*** RECORDS PROVIDED

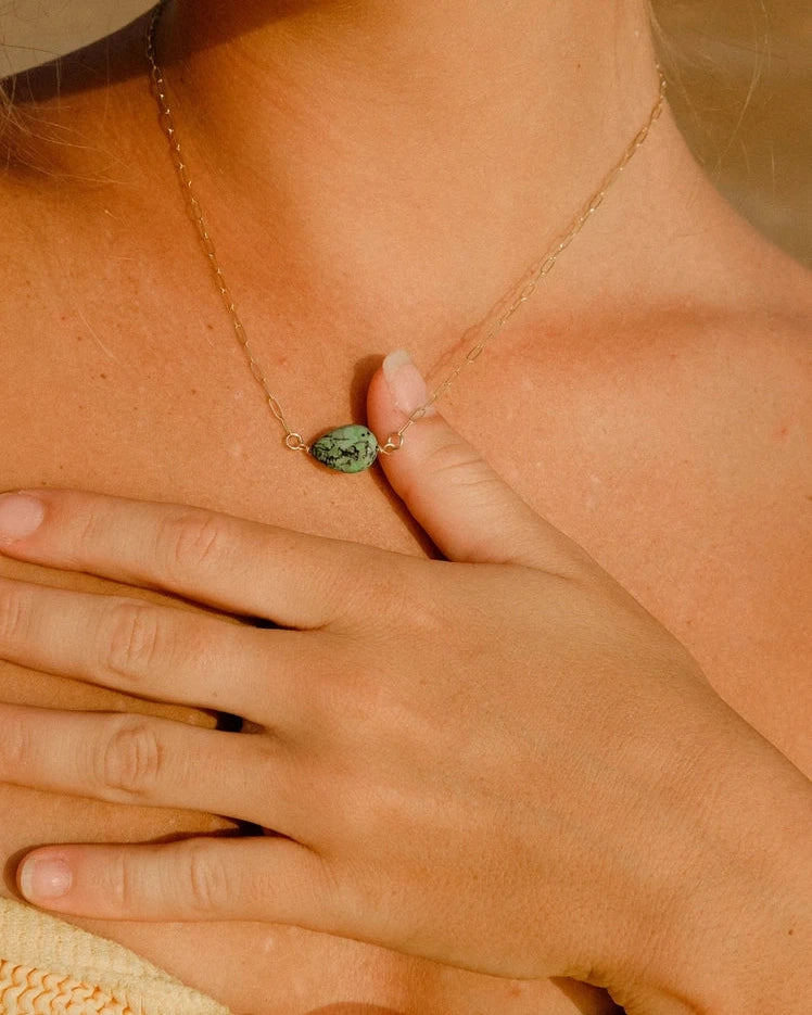 The Isla Vista Neckpiece is a stunning fusion of vibrant turquoise and rich African brass, crafted to capture the essence of earthy elegance. Featuring a delicate 18-inch gold-fill chain, this necklace is perfect for layering and adding a pop of color to any outfit. Whether worn alone for a minimalist look or stacked with your favorite pieces, the Isla Vista Neckpiece effortlessly blends bold statement with understated charm.
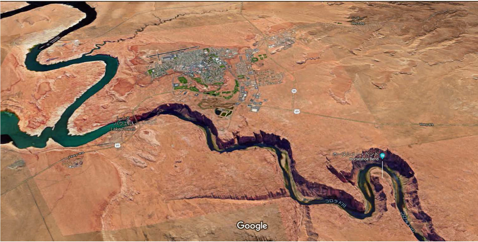 ホースシューベント、レイクパウエルの衛星写真
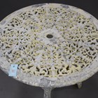 A 20th century Victorian style cast alloy garden table, the tripod legs decorated with masks, height 68cm, diameter 67cm.
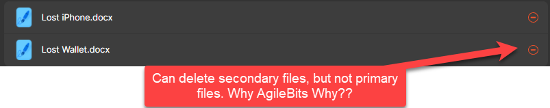 (On Windows client) It seems the user cannot right click and delete the primary attached file. Is this a bug or just functionality not built out yet? One has to completely re-create the Document entry to remove the file. The only option is to 'replace' which baffles me.
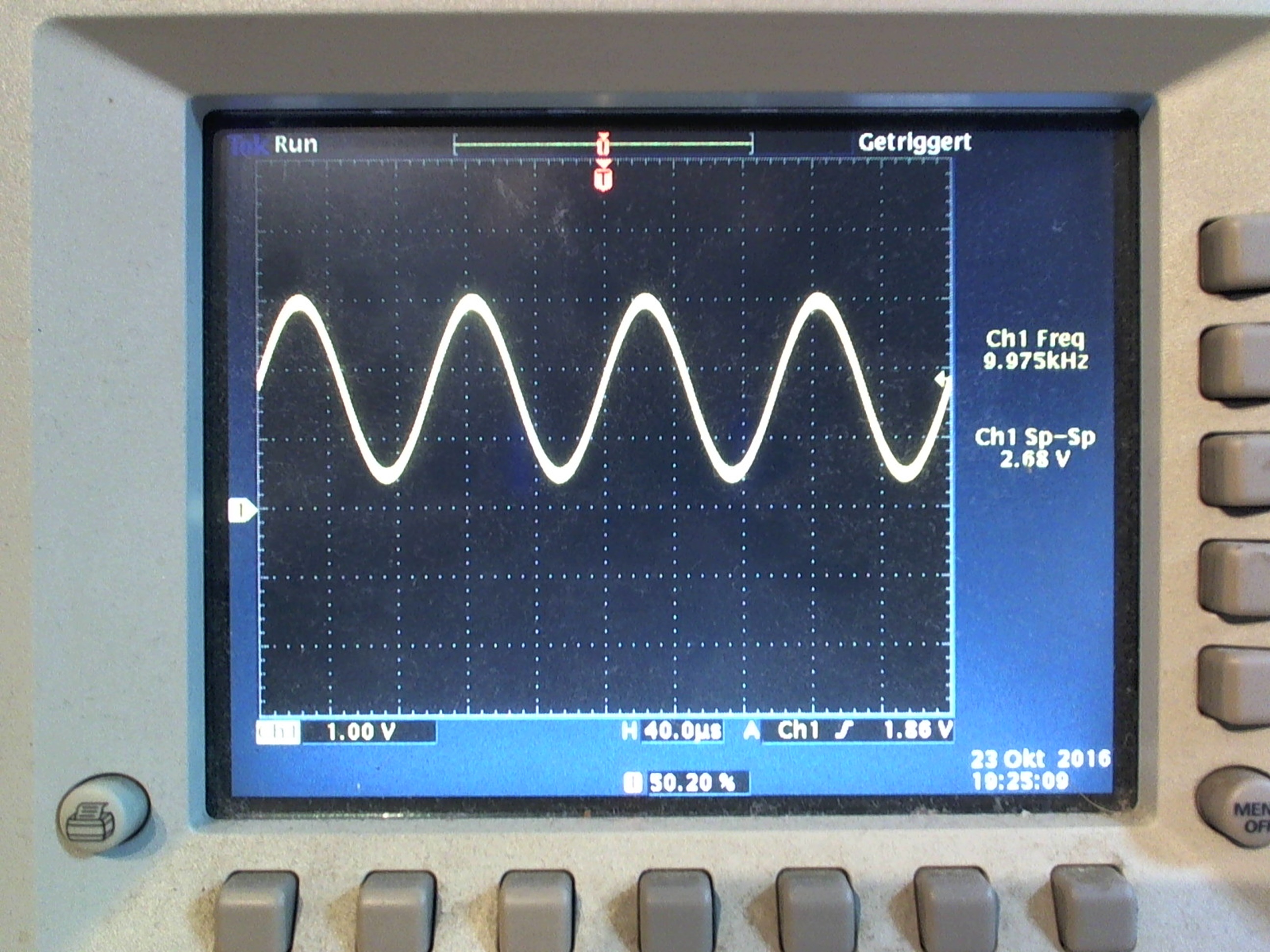 این تصاویر نمونه آزمایشی و سیگنالهای تولید شده با فرکانس 1000 هرتز, 10000 هرتز و 60000 هرتز را نشان میدهند.
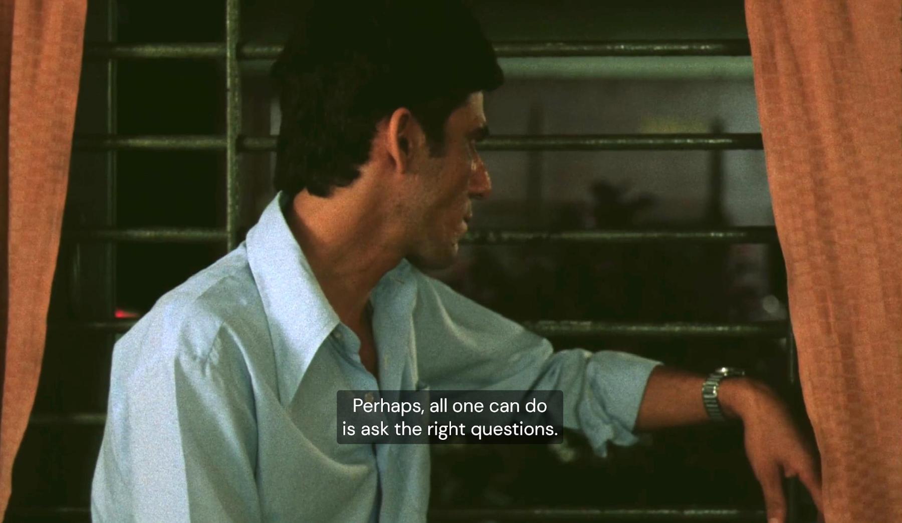 Nothing drives this point home more forcefully than Arvind’s final conversation with Rajan, who seems to acknowledge this estrangement with oneself in what can perhaps be seen as the film’s most didactic moment: "Perhaps, all one can do is ask the right questions."
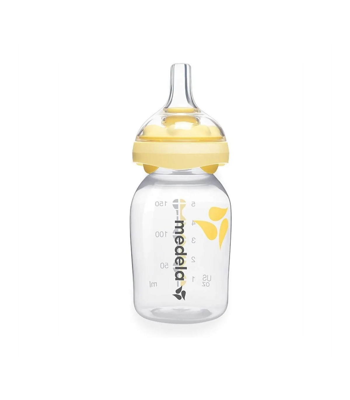 Llenar con leche materna extraída o fórmula (no recomendada por Medela) hasta marcar 150 ml.
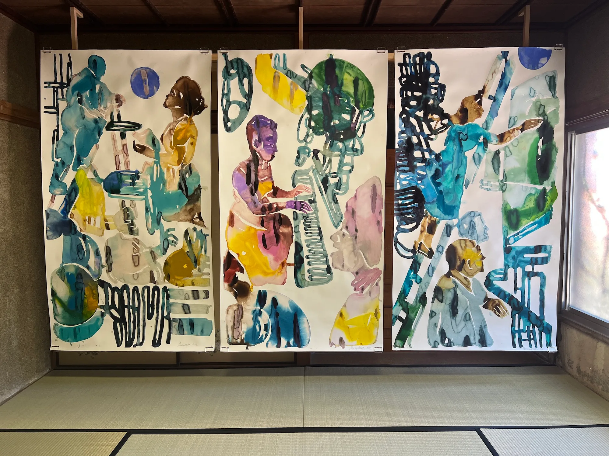 ロシア出身のアーティスト、エカテリーナ・ムロムツェワは古民家を舞台に3作品を発表。《学校の先生》(2022)は、作家が様々な人たちから聞き取った「学校の先生」のエピソードに基づくドローイングだ。また男木島の子供たちと行ったワークショップの成果も見ることができる。これらの作品はすべて「子供時代」に捧げられたものだという。
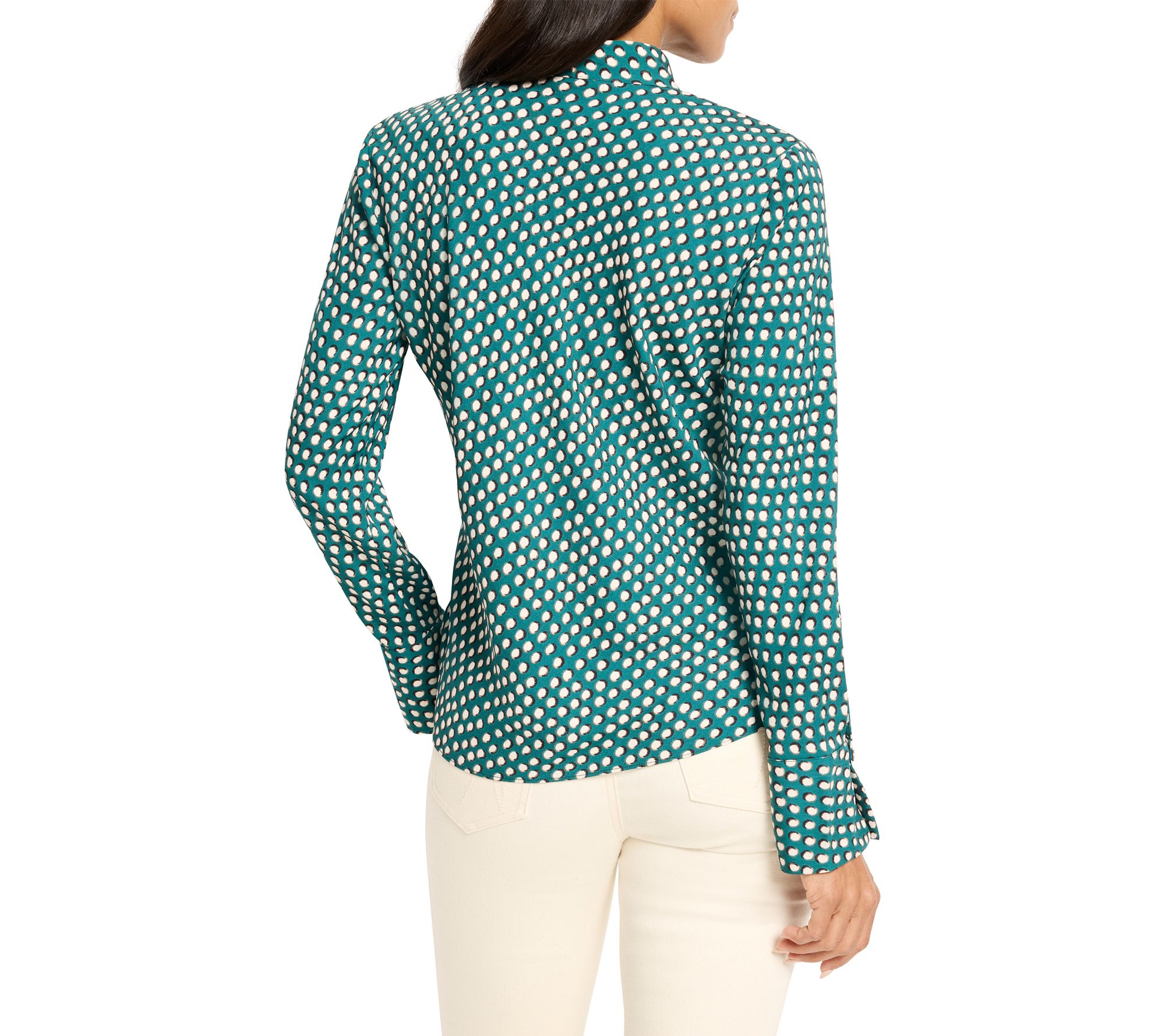 Features: V-neckline, long sleeves with single-button split cuffs, pull-on style
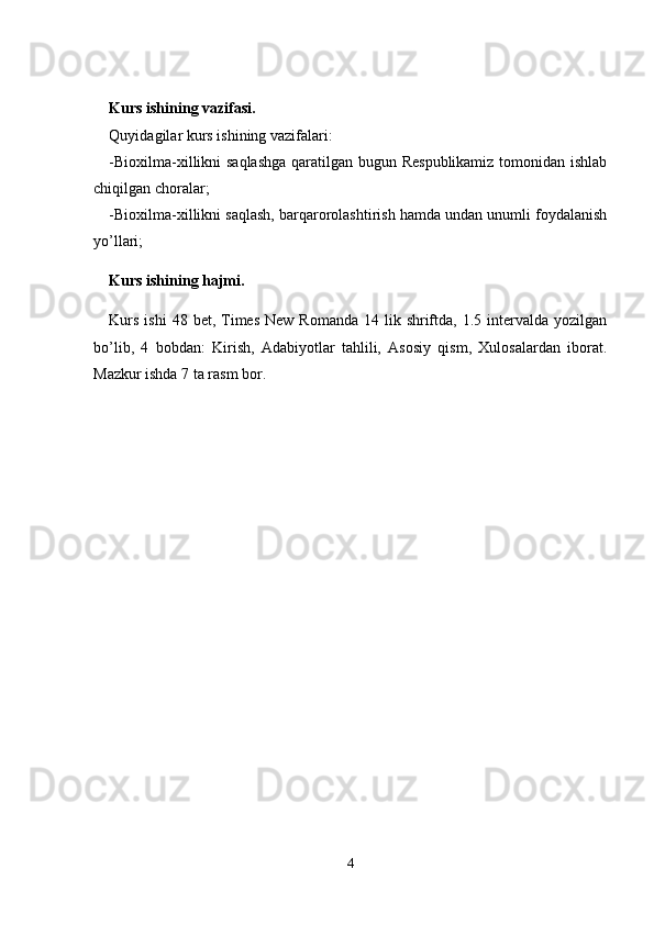 bioxilmaxilligini   saqlash   maqsadida   aniq   yo‘naltirilgan   ishlar   olib   borilmoqda.
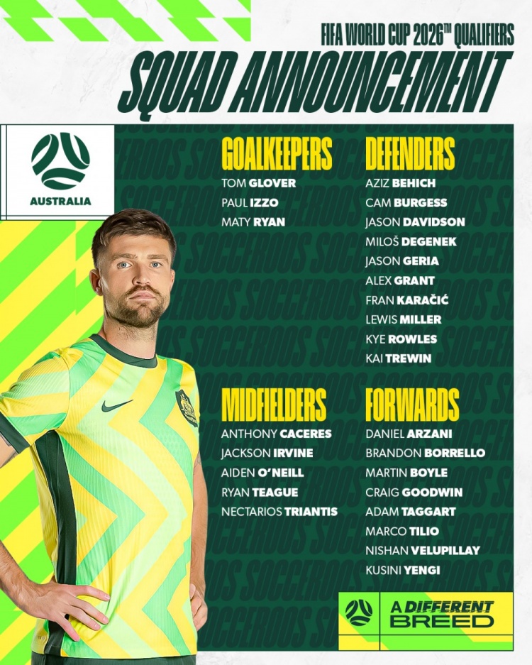 【相關(guān)】澳大利亞隊世預賽名單:“人民球王”古德溫領(lǐng)銜,3月25號對國足
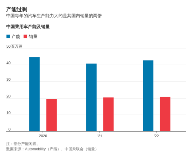 根据上海策略公司Automobility的产能数据和中国乘用车市场信息联席会(简称:乘联会)的销量数据,中国目前每年的汽车产能在4,000万辆左右,但国内销量仅为2,200万辆左右。
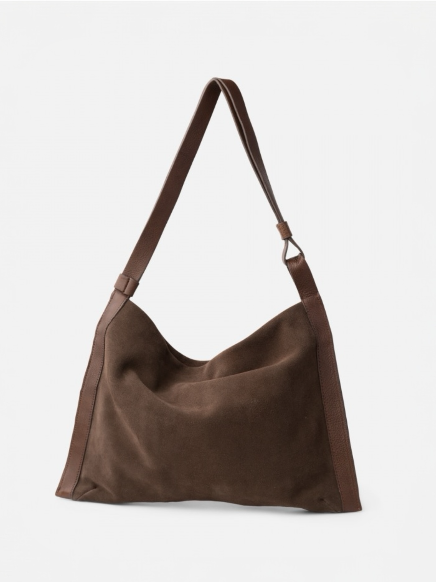 Hobo de serraje hidrofugado (repelente al agua). Asa de hombro. Cierre con cremallera. Bolsillos internos. Forro de algodón.
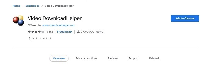 Video DownloadHelper는 원래 Firefox에서 출시되었지만 이제 Chrome으로 옮겨졌습니다! 반짝이는 다운로드 기능을 제공하는 이 안정적인 웹 비디오 다운로더는 클릭 한 번으로 Chrome에서 온라인 비디오를 몇 초 안에 저장할 수 있는 서비스를 제공합니다.
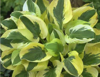 Листья чашевидные, темно-зеленые с широкой кремово-белой каймой, которая затем белеет. Цветки лавандовые. Высота 30 см.
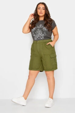 Craquez pour notre short cargo vert kaki Ă poches. Tendance, confortable et lĂ©ger, vous allez l’adorer cette saison.
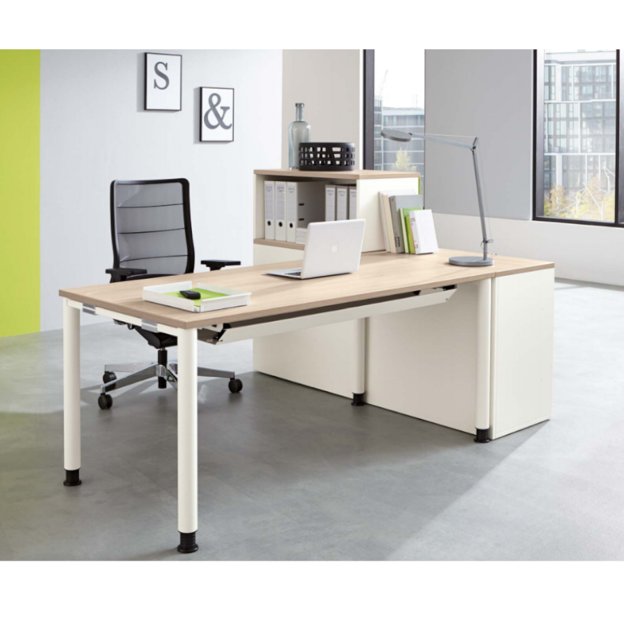 Ein äußerst interessantes Design besitzt auch der SINAC Bürotisch von Palmberg. Zwar ist er nicht mittels Elektromotor höhenverstellbar, jedoch besitzt er dank Rohr-in-Rohr-Gestell manuell verstellbare Tischbeine. Zur Auswahl stehen beim Palmberg SINAC Modelle mit Rundrohr oder Quadratrohr. Diese gibt es mit verschiedenen Materialoptionen wie Weißaluminium, Chrom oder Anthrazit. Bei den Tischplatten lässt sich neben verschiedenen Farben auch zwischen verschiedenen Holzvarianten auswählen, beispielsweise Ahorn, Akazie, Buche, Eiche oder Nussbaum.
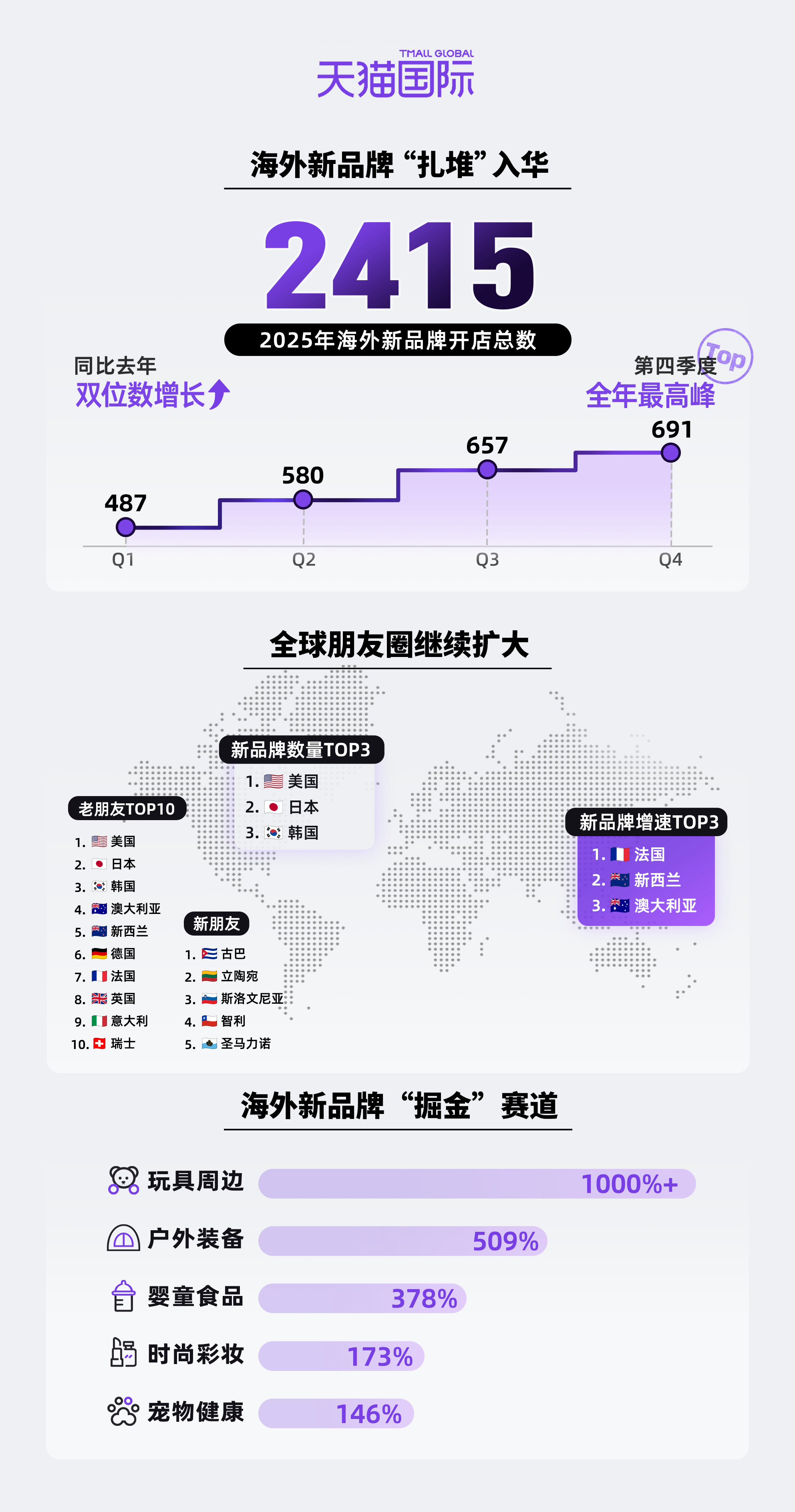 中国市场仍是全球品牌增长的“必争之地”。天猫国际数据显示,2025年有2415个海外新品牌在天猫国际开出首店,首店数量双位数增长。这意味着,平均每天有超过6家海外新品牌在天猫国际正式“开门营业”。第四季度入驻势头最猛,691家新品牌入驻,创下全年峰值。
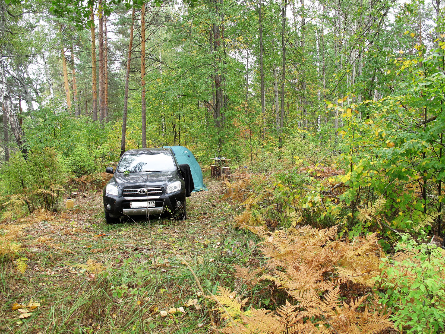 Остановились здесь, фактически, прямо на старой дороге, шедшей по правому берегу, на затяжном прямолинейном участке реки. Дорога идет и ниже, но здесь показалось наиболее уютным и удобный спуск к воде с довольно-таки высокого 2-ярусного берега. Всё пришлось оборудовать самим: "столик", "стулья", скамьи напилили из ствола засохшей после пожара вековой сосны, прокопали ступеньки к воде, установили причал для лодки. Попутно свалили несколько сухостойных подгоревших стволов, их ветви сожгли постепенно в костре |
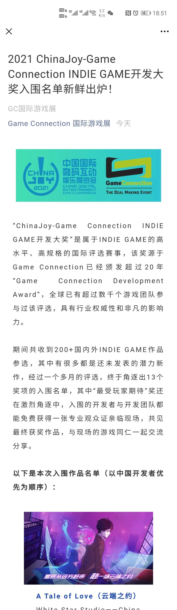 啊哈!咱游戏入围了GC大奖提名,不知道有木有机会拿到最后的大奖哈哈~ 要是咱效率能提升起来,把功能和美术品质都做到位,拿大奖肯定很轻松~

******

• [TASK INSTRUCTIONS]: Leaving out the pictures, print each line of the records above from the first up to and including the one that contains "Nothing drives this", exactly as written.

• [THE COMPLETED TASK]:
 The Isla Vista Neckpiece is a stunning fusion of vibrant turquoise and rich African brass, crafted to capture the essence of earthy elegance. Featuring a delicate 18-inch gold-fill chain, this necklace is perfect for layering and adding a pop of color to any outfit. Whether worn alone for a minimalist look or stacked with your favorite pieces, the Isla Vista Neckpiece effortlessly blends bold statement with understated charm.
 ホースシューベント、レイクパウエルの衛星写真
 A 20th century Victorian style cast alloy garden table, the tripod legs decorated with masks, height 68cm, diameter 67cm.
 (On Windows client) It seems the user cannot right click and delete the primary attached file. Is this a bug or just functionality not built out yet? One has to completely re-create the Document entry to remove the file. The only option is to 'replace' which baffles me.
 این تصاویر نمونه آزمایشی و سیگنالهای تولید شده با فرکانس 1000 هرتز, 10000 هرتز و 60000 هرتز را نشان میدهند.
 Nothing drives this point home more forcefully than Arvind’s final conversation with Rajan, who seems to acknowledge this estrangement with oneself in what can perhaps be seen as the film’s most didactic moment: "Perhaps, all one can do is ask the right questions."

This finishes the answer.